Владимир Сергеевич, потерянный и опустошенный, шел пешком домой, хотя идти было не один час. И вдруг, как из засоренного унитаза, все его чувства и эмоции полились наружу, и остановить их нельзя было ничем. Быть может, если бы под рукой был дневник, то свет увидел бы интересную, замысловатую зарисовку, но под рукой был только воздух, да и он улетал, стоило сжать руку в кулак.  Владимир Сергеевич, пребывавший всю жизнь в одиночестве, впервые почувствовал горький привкус своего состояния. Не думать о том, что прелестнейшая Марина сейчас где-то, с другим человеком, не удавалось. Помимо этого, в голове роились мысли о том, что сам Владимир Сергеевич никто и ничто, и ничего не сможет дать этой очаровательной девушке. Но только одного не мог он понять: к чему был этот жест, к чему была эта прогулка?

Владимир Сергеевич впервые увидел в лицо одиночестве, и оно оказалось страшнее, чем писали в книгах. Но он, с высоты своей отчужденности и замкнутости от своих же чувств, не знал, что другие уже давно стали от кого-то там зависимыми, и что страшнее одиночества-то нет ничего, вот и приходится крутить и вертеться, чтобы хоть как-то не быть одному.

Он шел домой медленно, потому что голова гудела, и быстрый темп мог привести к обмороку. То, что раньше казалось ненужным и несуществующим, сейчас топило и убивало, и к концу своего невеселого путешествия Владимир Сергеевич был совершенно опустошен. Он вбежал в свою квартиру, достал старую тетрадь, которую почему-то так долго хранил, и принялся писать, что-то несвязное, что-то неразборчивое. А потом убежал в ванную, держа в руках что-то блестящее, и закрылся изнутри.

Открыть дверь смогли только через неделю, когда на работе забили тревогу, а соседи пожаловались, что Владимира Сергеевича давно не видно по утрам. В квартире стоял зловонный запах, летали мухи и никто, кроме тех, кто был вынужден взламывать дверь, не пожелал надолго задерживаться в квартире. Спасатели увидели действительно ужасную картину: безобразно порезанное горло, чуть ли не изодранное вклочья, полные ужаса полувыкатившиеся глаза и безобразно распахнутый рот.

- Ну и урод, - приствистнул тот, что стоял ближе к Владимиру Сергеевичу.

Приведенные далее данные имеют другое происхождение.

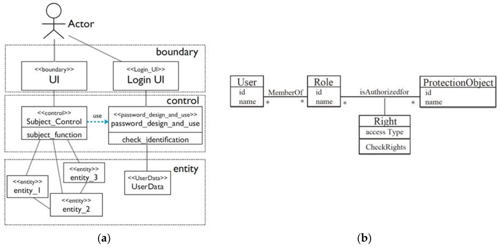 - Lodderstedt, T.; Basin, D.A.; Doser, J. SecureUML: A UML-Based Modeling Language for Model-Driven Security. In Proceedings of the 5th International Conference on the Unified Modeling Language (UML), Dresden, Germany, 30 September–4 October 2002; pp. 426–441.
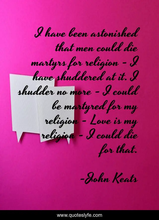 This page presents the quote "I have been astonished that men could die martyrs for religion - I have shuddered at it. I shudder no more - I could be martyred for my religion - Love is my religion - I could die for that.". Author of this quote is John Keats. This quote is about men, love, affection, love is,.
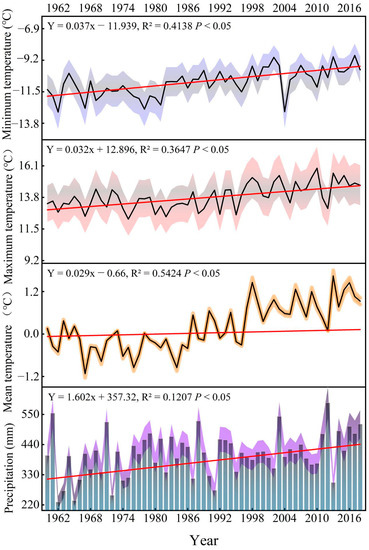 Interannual variations of temperature and precipitation in the study area from 1960 to 2018 (blue, red, and orange, and purple, respectively, indicate the inter-annual variation error range of temperature and precipitation).
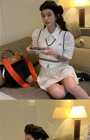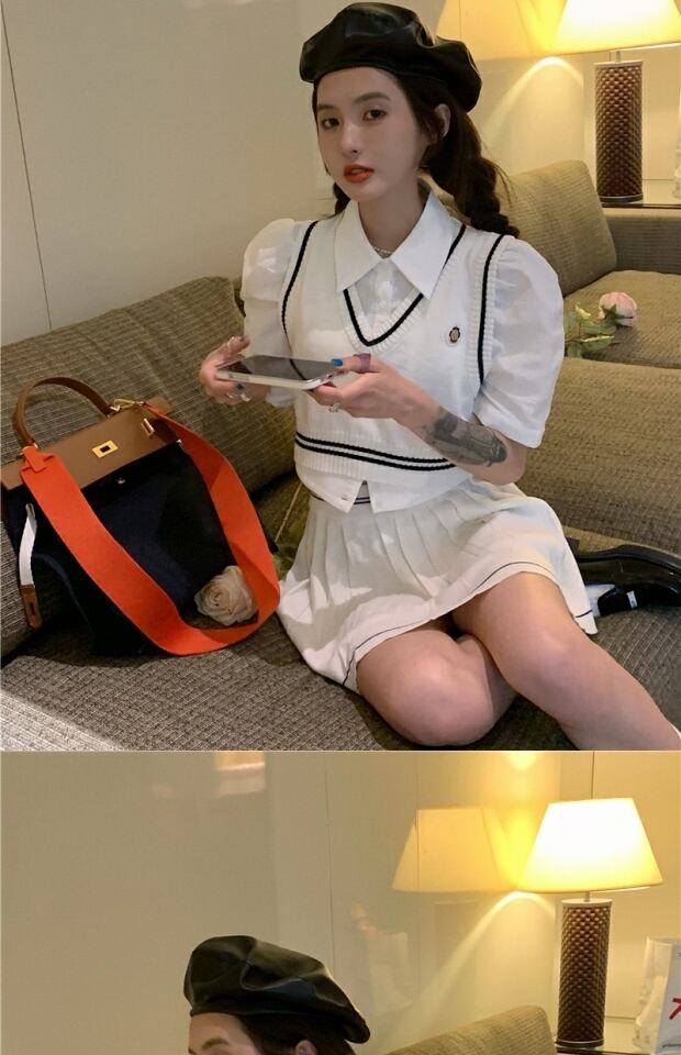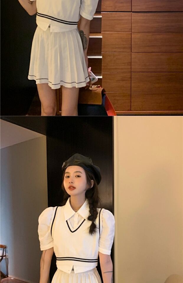 色:ニットベスト,ニットスカート,シャツ

Второй промолчал, но, голову даю на отсечение, он думал так же. Все тело было залито уже высохшей бордовой жидкостью, да и пол ванной был испорчен.

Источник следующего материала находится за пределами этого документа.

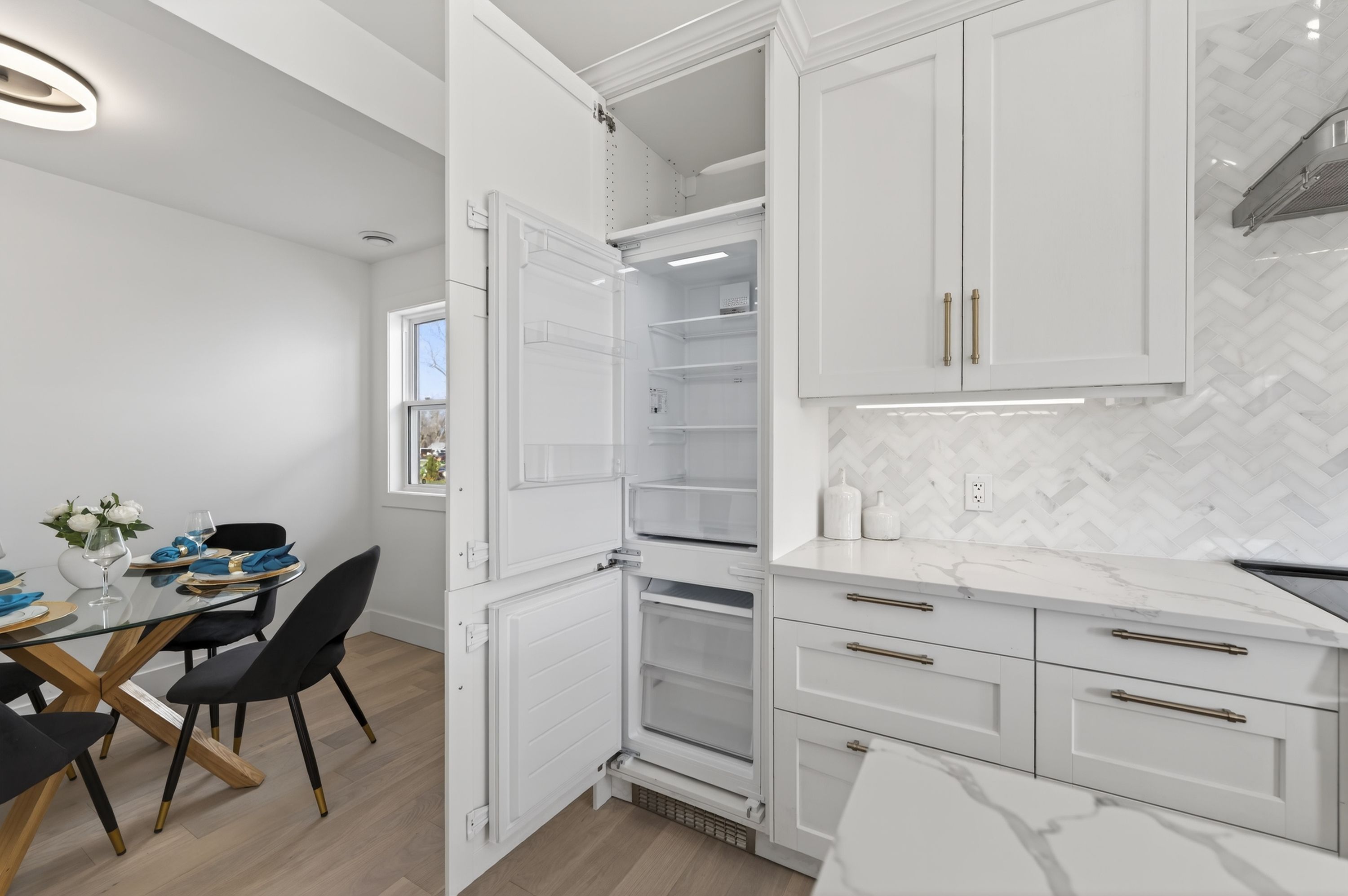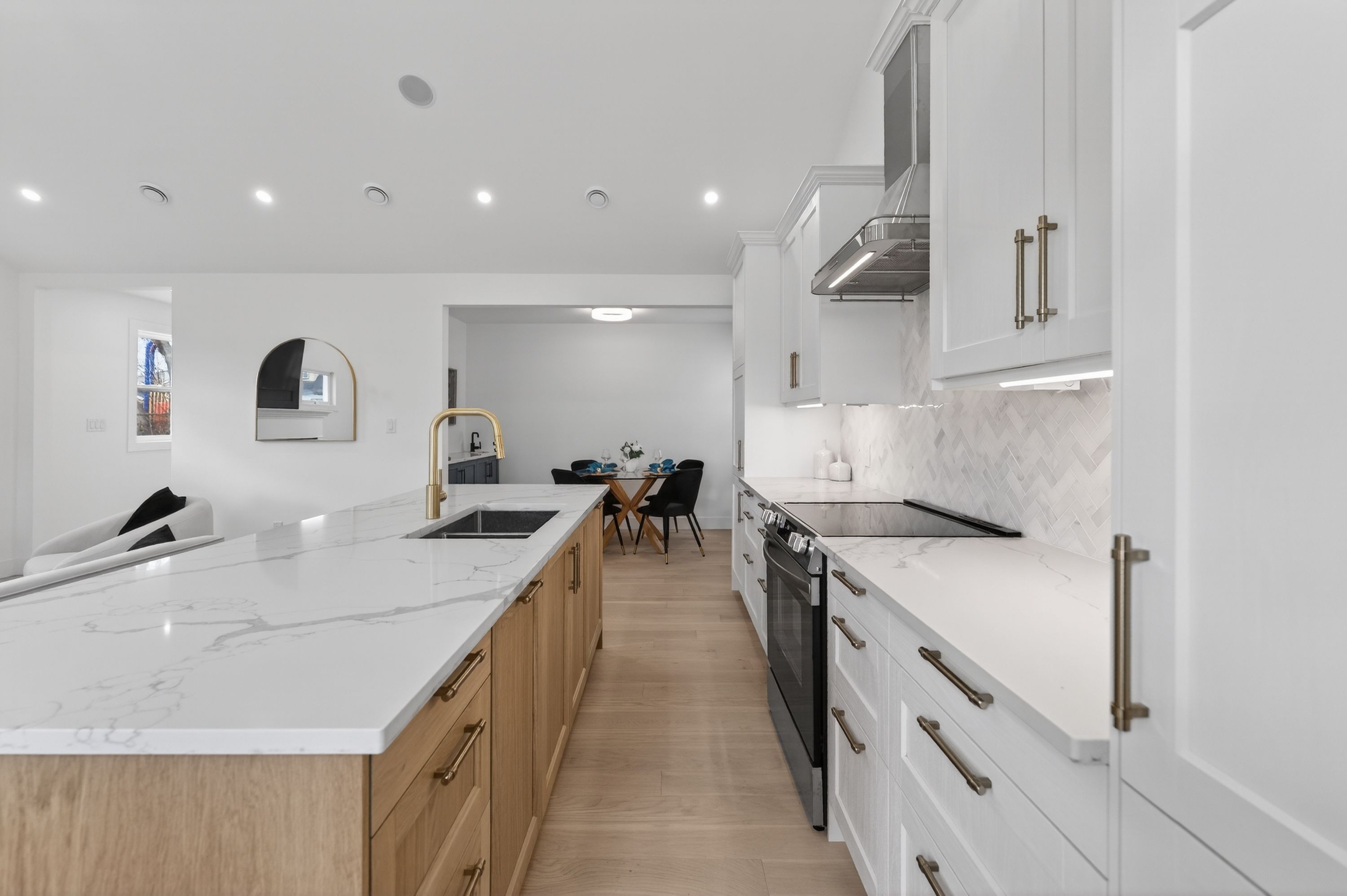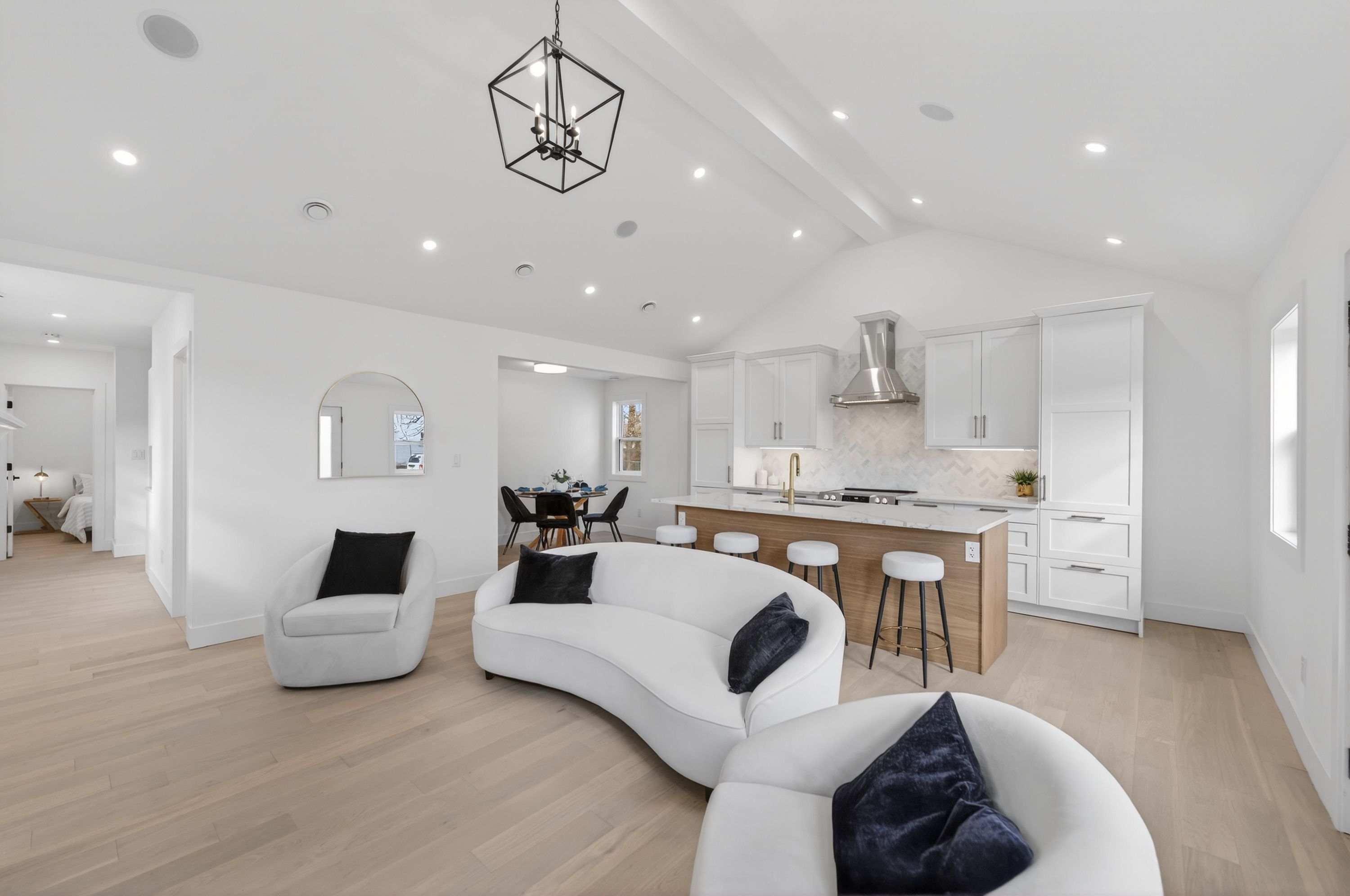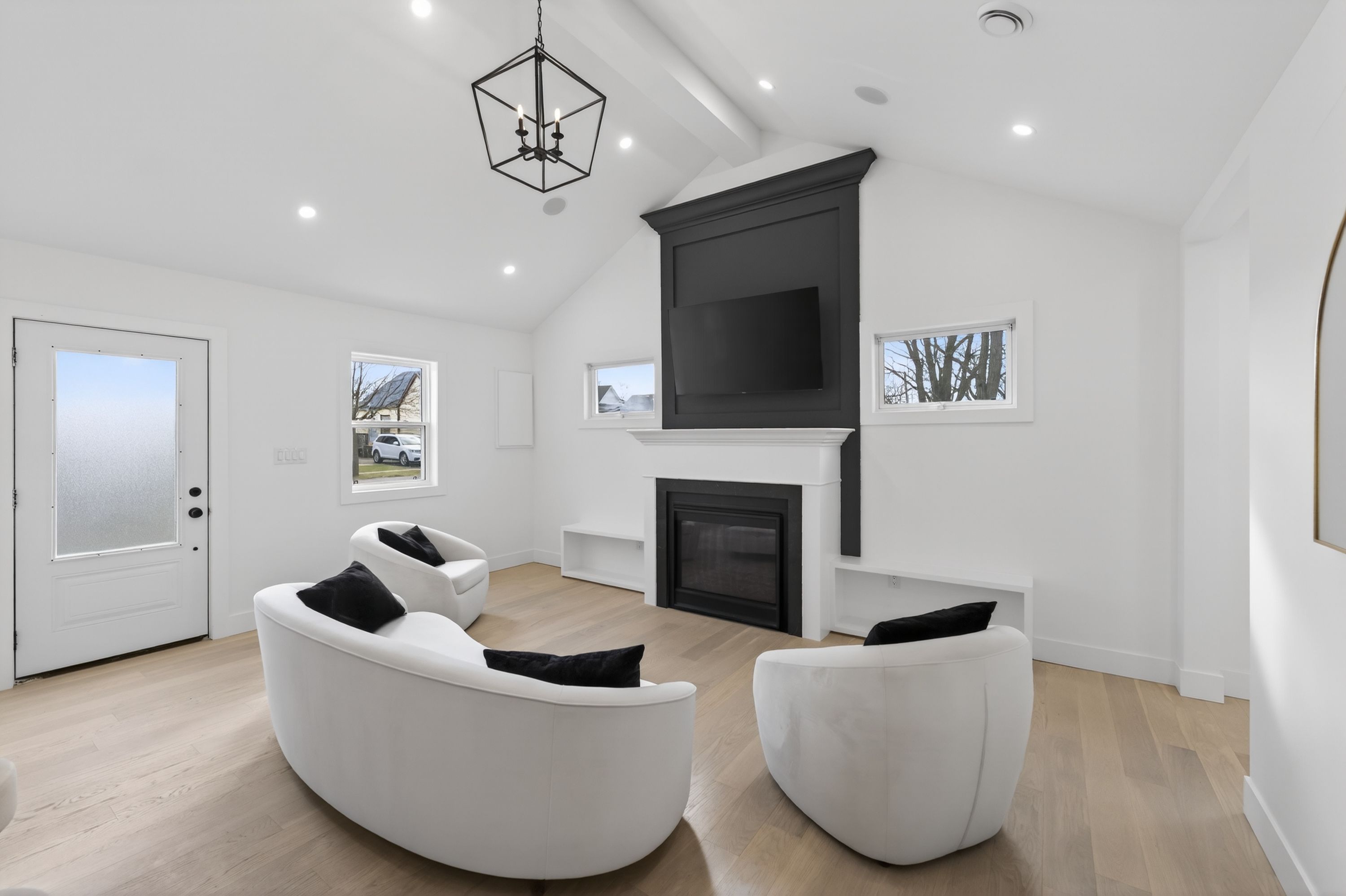 • Bright open-concept kitchen and living room with a gas fireplace.

Тело скоро вынесли, предварительно закрыв так, чтобы никто из зевак не смог его увидеть. Следователи, которым было поручено расследовать это негромкое и малоинтересное самоубийство, сразу же наткнулись на запись, которую они понять полностью так и не смогли.

"Марина... Свет в окне погас. Мне страшно, а ты... Мой голос потух, я поник, я мокрый, а ты Марина! Я бежал, слышишь?!
Я шел, я пешком шел, но я же не... Ужасный, такой ужасный, а меня ли простят? Нет. Я совсем не нужен, и все, что было, это лишь... Марина! Твое ли имя так сладко звучало, когда я слышал райские звуки? Я бы верил, что твое, да я давно уже оглох.

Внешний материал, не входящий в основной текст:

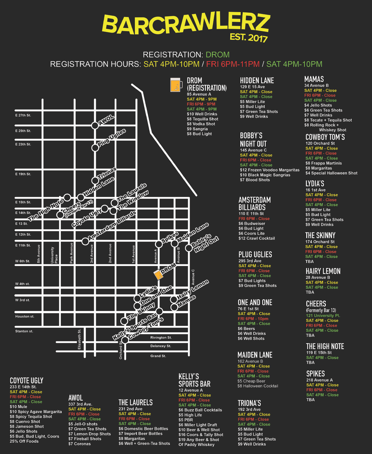 2) Check in at DROM (85 Avenue A, NYC) to get your wristband and map with participating bars, their location, and their drink specials. (Registration on Saturday 10/25 is from 4:00 PM - 10:00 PM, Friday 10/31 is from 6:00 PM - 11:00 PM, and Saturday 11/1 is from 4:00 PM - 10:00 PM) ***WRISTBAND MUST BE PICKED UP DURING THESE TIMES***
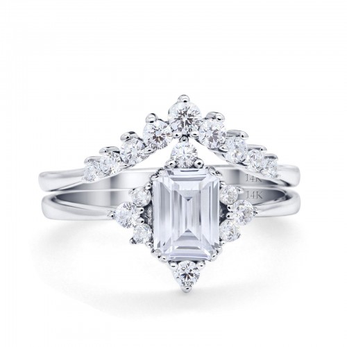 14K White Gold Emerald Cut Art Deco Two Piece Bridal Set Ring Engagement Band Simulated CZ Size-7
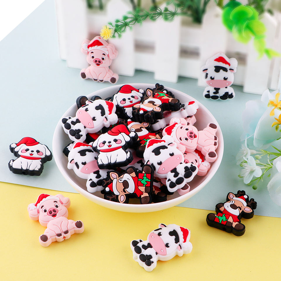 Christmas Pigs Cows Dogs Silicone Beads Pens Custom Infant Chew DIY Teething Silicone Charms Focal Beads for DIY Pens
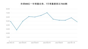 2021年12月,传祺M8销量为4760辆,同比下降21.54%,环比下降18.18%。1-12月份,传祺M8销量为64580辆,同比增长93.88%。
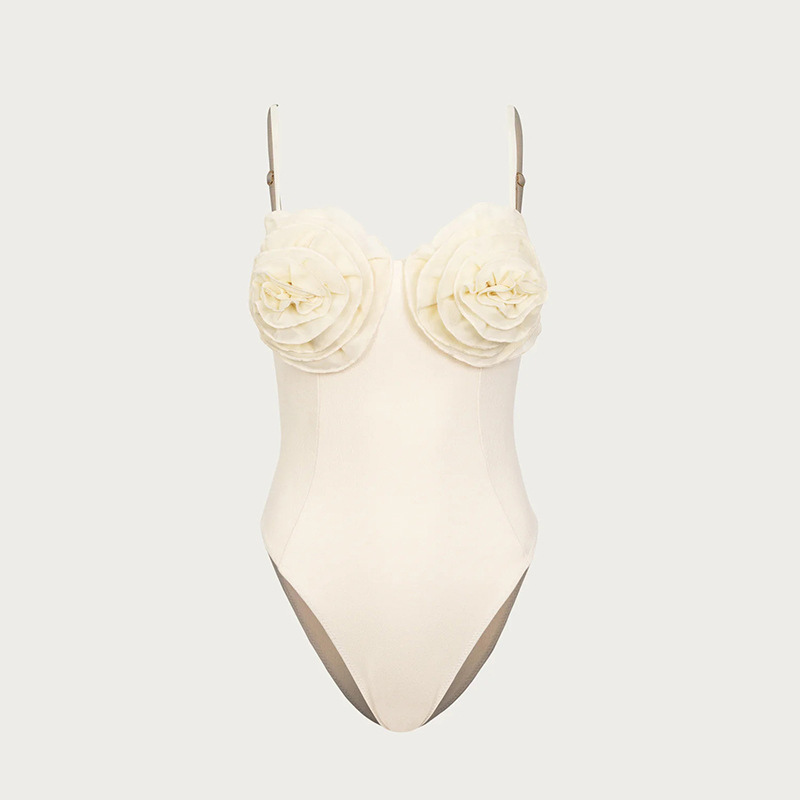 Swimwear Women Sexy Floral Solid Color One Piece Bikini Swimsuit
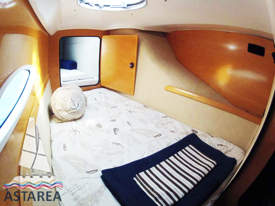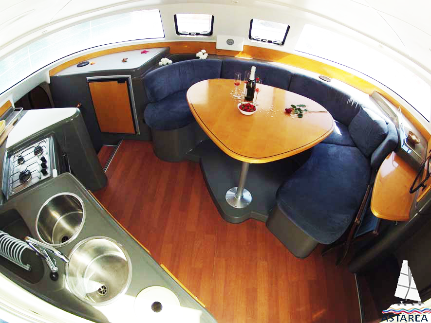 | Inside | Gasherd, Kühlschrank, Ladegerät, Luftpumpe für Beiboot, Pantryausstattung, Radio mit USB und Bluetooth, Warmwasser |
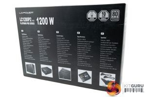 The LC-Power LC1200P2 ships in a box which features a high resolution image of the unit on the front and a list of three key details on the right side. These include the 80 Plus Platinum certification, the 10-year warranty and the adoption of high grade Japanese capacitors.
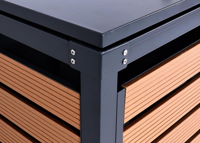 - Diese moderne Mülltonnenverkleidung ist nicht nur optisch ansprechend. Neben der abschliessbaren Tür und einem sehr stabilen Gehäuse, ist der Deckel dieser Mülltonnenverkleidung mit Gasdruckfedern ausgestattet.

Я немею, мои руки уже потеряны, а ты, как там? Ты не узнаешь обо мне, хоть мы и видимся каждый день. Но ты всегда будешь... Трава давно завяла, а я пишу. Я не тот, я совсем уже... Марина... Марина... Марина! Я не умею писать, мне страшно, мое райское создание, мой разум... играет со мной злую шутку. Спасите же меня, я больше не в силах...

То было давно, а сейчас я лишь плод своих же воспоминаний. Забудьте же меня, мы никогда не увидим этот букет вместе, не запоминайте меня..."

Дело закрыли быстро: типичное самоубийство на почве неразделенной любви.

- Малодушный, - говорили одни.

- Несчастный, - причитали другие.

- Каков храбрец, - шептала я, стоя где-то в стороне, держась за собственное горло.